## Task objective
Copy nothing but the lines below running from the line containing "Women Beige V Neck Long Suit Waistcoat" through the line containing "1月8日(木)21:00~:コラボLIV", both end lines included.

## Provided entries
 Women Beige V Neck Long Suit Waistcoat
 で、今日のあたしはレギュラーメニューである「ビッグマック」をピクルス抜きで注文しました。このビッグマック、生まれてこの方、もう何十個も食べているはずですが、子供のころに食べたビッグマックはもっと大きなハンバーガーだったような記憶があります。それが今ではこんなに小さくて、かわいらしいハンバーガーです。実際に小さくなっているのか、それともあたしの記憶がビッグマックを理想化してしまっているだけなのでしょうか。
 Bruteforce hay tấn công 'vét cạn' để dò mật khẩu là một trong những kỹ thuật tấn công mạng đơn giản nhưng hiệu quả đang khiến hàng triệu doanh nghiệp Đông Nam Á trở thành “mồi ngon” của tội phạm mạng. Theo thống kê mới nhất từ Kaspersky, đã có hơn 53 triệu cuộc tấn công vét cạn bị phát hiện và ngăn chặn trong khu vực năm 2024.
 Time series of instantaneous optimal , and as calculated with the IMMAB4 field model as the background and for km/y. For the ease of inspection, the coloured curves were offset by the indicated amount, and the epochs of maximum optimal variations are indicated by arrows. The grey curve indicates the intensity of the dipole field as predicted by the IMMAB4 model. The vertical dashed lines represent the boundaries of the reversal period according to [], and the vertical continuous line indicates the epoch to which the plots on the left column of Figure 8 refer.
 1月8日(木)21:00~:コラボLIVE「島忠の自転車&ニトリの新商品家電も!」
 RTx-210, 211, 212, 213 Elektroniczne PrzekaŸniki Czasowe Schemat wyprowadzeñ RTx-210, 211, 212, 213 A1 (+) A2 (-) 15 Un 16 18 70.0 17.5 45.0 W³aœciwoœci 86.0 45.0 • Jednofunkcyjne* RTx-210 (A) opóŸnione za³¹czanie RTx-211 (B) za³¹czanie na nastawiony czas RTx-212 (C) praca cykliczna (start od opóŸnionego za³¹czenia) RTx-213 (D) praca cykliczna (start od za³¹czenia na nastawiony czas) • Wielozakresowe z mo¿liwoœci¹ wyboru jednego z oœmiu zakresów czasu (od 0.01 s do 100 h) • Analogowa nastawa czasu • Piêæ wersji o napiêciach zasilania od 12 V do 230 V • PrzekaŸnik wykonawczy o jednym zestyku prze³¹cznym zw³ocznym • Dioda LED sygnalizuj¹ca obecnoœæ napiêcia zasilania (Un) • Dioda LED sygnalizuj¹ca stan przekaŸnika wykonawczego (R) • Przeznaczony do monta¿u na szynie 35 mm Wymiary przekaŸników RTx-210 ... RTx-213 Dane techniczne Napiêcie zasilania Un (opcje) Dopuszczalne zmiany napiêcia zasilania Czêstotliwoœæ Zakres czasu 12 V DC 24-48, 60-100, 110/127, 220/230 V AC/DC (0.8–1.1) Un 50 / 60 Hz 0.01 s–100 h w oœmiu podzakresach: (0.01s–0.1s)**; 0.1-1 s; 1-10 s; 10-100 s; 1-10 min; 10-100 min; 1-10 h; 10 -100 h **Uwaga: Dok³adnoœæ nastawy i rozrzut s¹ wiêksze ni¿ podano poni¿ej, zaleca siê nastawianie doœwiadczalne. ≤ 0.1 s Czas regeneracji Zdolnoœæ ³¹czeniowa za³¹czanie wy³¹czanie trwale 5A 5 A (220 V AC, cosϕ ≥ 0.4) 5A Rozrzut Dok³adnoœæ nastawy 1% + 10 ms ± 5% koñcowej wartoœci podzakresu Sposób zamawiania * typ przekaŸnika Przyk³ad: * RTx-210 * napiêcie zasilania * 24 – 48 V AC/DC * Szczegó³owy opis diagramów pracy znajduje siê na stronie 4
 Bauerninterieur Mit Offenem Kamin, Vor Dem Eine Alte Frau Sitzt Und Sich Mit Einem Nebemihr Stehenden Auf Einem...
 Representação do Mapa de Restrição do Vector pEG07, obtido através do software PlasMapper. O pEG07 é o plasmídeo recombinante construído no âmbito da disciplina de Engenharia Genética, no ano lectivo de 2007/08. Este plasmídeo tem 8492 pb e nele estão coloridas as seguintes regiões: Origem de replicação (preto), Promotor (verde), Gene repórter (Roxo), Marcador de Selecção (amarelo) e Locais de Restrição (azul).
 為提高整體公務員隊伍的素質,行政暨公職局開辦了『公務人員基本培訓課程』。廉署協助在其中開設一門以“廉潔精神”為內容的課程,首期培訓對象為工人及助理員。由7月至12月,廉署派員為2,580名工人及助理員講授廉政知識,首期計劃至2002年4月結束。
--
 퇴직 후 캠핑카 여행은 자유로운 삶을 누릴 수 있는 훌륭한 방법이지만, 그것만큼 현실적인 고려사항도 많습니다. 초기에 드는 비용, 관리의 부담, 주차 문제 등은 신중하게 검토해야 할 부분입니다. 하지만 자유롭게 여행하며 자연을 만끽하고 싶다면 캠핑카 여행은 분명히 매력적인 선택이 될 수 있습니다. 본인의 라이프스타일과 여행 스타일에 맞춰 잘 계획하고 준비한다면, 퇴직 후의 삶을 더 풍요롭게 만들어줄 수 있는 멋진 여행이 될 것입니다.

## Answer area
 Women Beige V Neck Long Suit Waistcoat
 で、今日のあたしはレギュラーメニューである「ビッグマック」をピクルス抜きで注文しました。このビッグマック、生まれてこの方、もう何十個も食べているはずですが、子供のころに食べたビッグマックはもっと大きなハンバーガーだったような記憶があります。それが今ではこんなに小さくて、かわいらしいハンバーガーです。実際に小さくなっているのか、それともあたしの記憶がビッグマックを理想化してしまっているだけなのでしょうか。
 Bruteforce hay tấn công 'vét cạn' để dò mật khẩu là một trong những kỹ thuật tấn công mạng đơn giản nhưng hiệu quả đang khiến hàng triệu doanh nghiệp Đông Nam Á trở thành “mồi ngon” của tội phạm mạng. Theo thống kê mới nhất từ Kaspersky, đã có hơn 53 triệu cuộc tấn công vét cạn bị phát hiện và ngăn chặn trong khu vực năm 2024.
 Time series of instantaneous optimal , and as calculated with the IMMAB4 field model as the background and for km/y. For the ease of inspection, the coloured curves were offset by the indicated amount, and the epochs of maximum optimal variations are indicated by arrows. The grey curve indicates the intensity of the dipole field as predicted by the IMMAB4 model. The vertical dashed lines represent the boundaries of the reversal period according to [], and the vertical continuous line indicates the epoch to which the plots on the left column of Figure 8 refer.
 1月8日(木)21:00~:コラボLIVE「島忠の自転車&ニトリの新商品家電も!」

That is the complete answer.